5.15 Hubungan Petugas Kesehatan dan Partisipasi
Pada setiap posyandu yang berjalan lancar dan teratur selalu ada tokoh
motor penggerak posyandu secara langsung maupun tidak langsung. Dukungan
petugas puskesmas dan bidan desa merupakan motivasi yang penting bagi kader
serta masyarakat dalam berperan aktif pada kegiatan posyandu. (Sumarno, 2006)
Berdasarkan Hasil analisis di atas memperlihatkan terdapat 17 ibu
balita merasa tidak perlu dengan adanya kehadiran petugas kesehatan dan 93 ibu
104
balita merasa perlu dengan kehadiran petugas kesehatan . Hasil analisis t-Test
didapatkan nilai p-value=0,114 yang apabila dibandingkan dengan nilai α (0,05)
maka dapat disimpulkan bahwa tidak ada perbedaan partisipasi ibu balita antara
kelompok ibu balita yang merasa tidak perlu dengan rata-rata partisipasi 8,0(±2,2)
dengan kehadiran petugas kesehatan dan ibu balita yang merasa perlu dengan
rata-rata partisipasi 8,7(±1,8) dengan kehadiran petugas kesehatan
Kesimpulan penelitian ini tidak sejalan dengan hasil penelitian
Widiastuti (2006), bahwa pelayanan dari petugas kesehatan menjadi salah satu
daya tarik bagi ibu balita untuk membawa anaknya berkunjung ke posyandu.
Hasil serupa pula denganasil penelitian Yuliana (2011) yang menyatakan bahwa
ada hubungan antara peran Petugas Kesehatan dengan Partisipasi masyarakat
(D/S) (p 0,000< α 0,05) di Kabupaten Pandeglang.
Berdasarkan hasil FGD yang dilakukan sebagian besar ibu balita yang
diwawancarai mengemukakan ketertarikan akan posyandu didasari oleh adanya
petugas kesehatan yang terampil, berbedanya hasil dengan data statistic
disebabkan pengambilan sampel yang faktor yang menyebabkan hasil uji statistic
berbeda dengan hasil penelitian lain dapat disebabkan karena cara pengambilan
sampel, uji statistik, jumlah sampel serta karakteristik wilayah dan sampel yang
juga berbeda, pada penelitian pembanding menggunakan uji chi-square.

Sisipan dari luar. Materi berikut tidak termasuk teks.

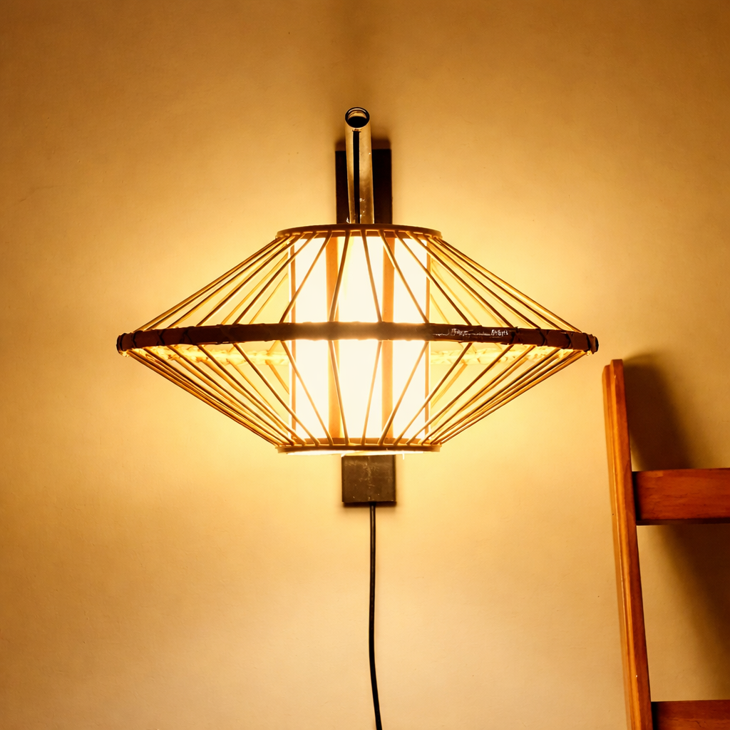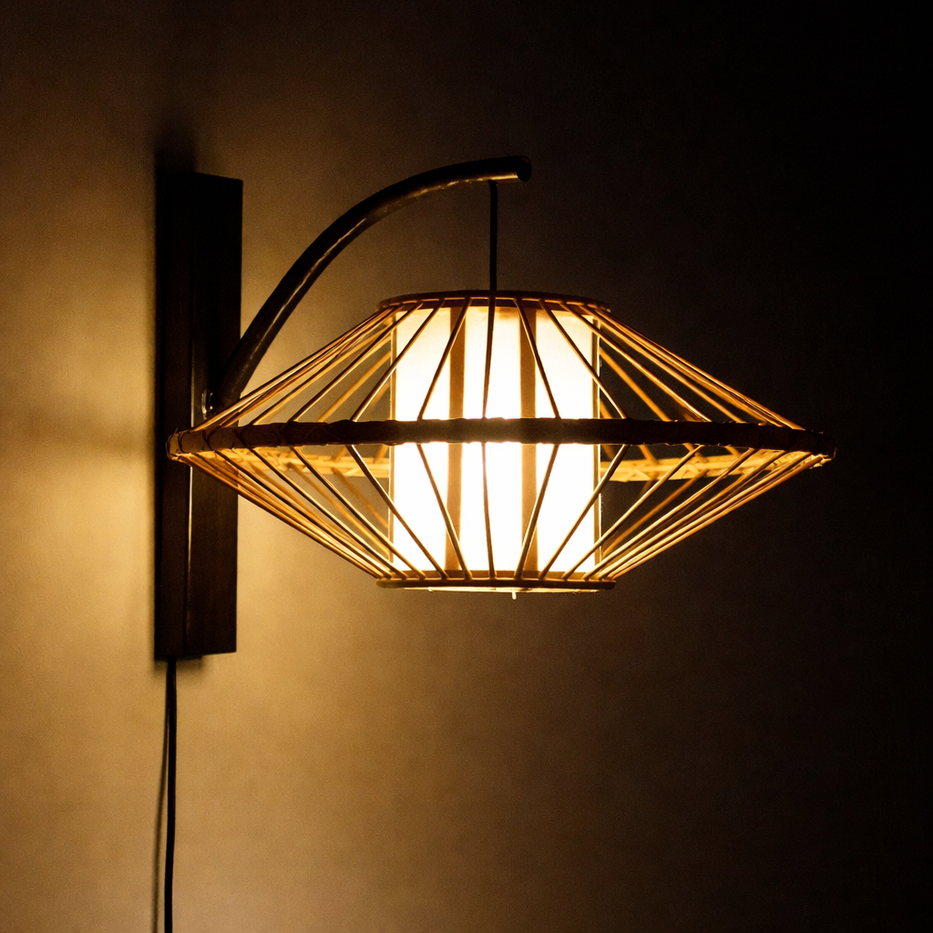 This geometric wall lampshade is designed to provide controlled wall-mounted lighting with a structured and open-frame design. It features a double layer metal construction with a wide angular shape, allowing light to spread evenly while reducing direct glare. The open framework creates a balanced illumination effect while maintaining visibility of the light source. The product is suitable for indoor wall lighting in spaces such as living rooms, bedrooms, hallways, and decorative areas. It works by surrounding a standard bulb with a structured frame, distributing light outward through the open design to create consistent and comfortable brightness.

Sedangkan perbedaan dengan hasil FGD adalah jenis penelitian, FGD merupakan
salah satu cara pengumpulan data secara kualitatif dengan jumlah sampel yang
sedikit (8-12 orang).
105
Menurut hasil FGD, dapat disimpulkan bahwa kehadiran petugas
kesehatan merupakan salah satu faktor yang menarik perhatian ibu balita untuk
hadir dalam pelayanan posyandu sehingga partisipasi terhadap meningkat dan
program pemerintah untuk meningkatkan cangkupan hingga 80% dapat tercapai,
petugas kesehatan dapat memanfaatkan hal ini untuk menarik minat ibu balita
dengan tidak hanya memberikan pelayanan dasar, namun juga penyuluhan sebagai
upaya peningkatan pengetahuan ibu balita juga, demo membuat makanan yang
bergizi padat dan ekonomis bagi balita sehingga dapat diterapkan oleh ibu dalam
kehidupan sehari-hari dengan tujuan memberikan arahan cara pengolahan
makanan yang baik bagi balita sehingga dapat diterapkan di rumah tangga serta
menjadikan kegiatan posyandu lebih menyenangkan sehingga ibu balita lebih
tertarik untuk berpartisipasi aktif dan edukasi dalam pembinaan keluarga siaga.
5.16 Keterbatasan Penelitian
Keterbatasan pada penelitian ini antara lain penelitian ini hanya sebatas
melihat ada tidaknya perbedaan antar variabel dependen dengan independen
karena kedua variabel diteliti pada saat bersamaan dengan menggunakan desain
studi cross sectional. Keterbatasan penelitian lainnya yang juga dirasakan dalam
menanyakan pendapatan dan pengeluaran rata-rata dalam sebulan keluarga ibu
balita, beberapa ibu balita kurang terbuka dalam memberikan informasi.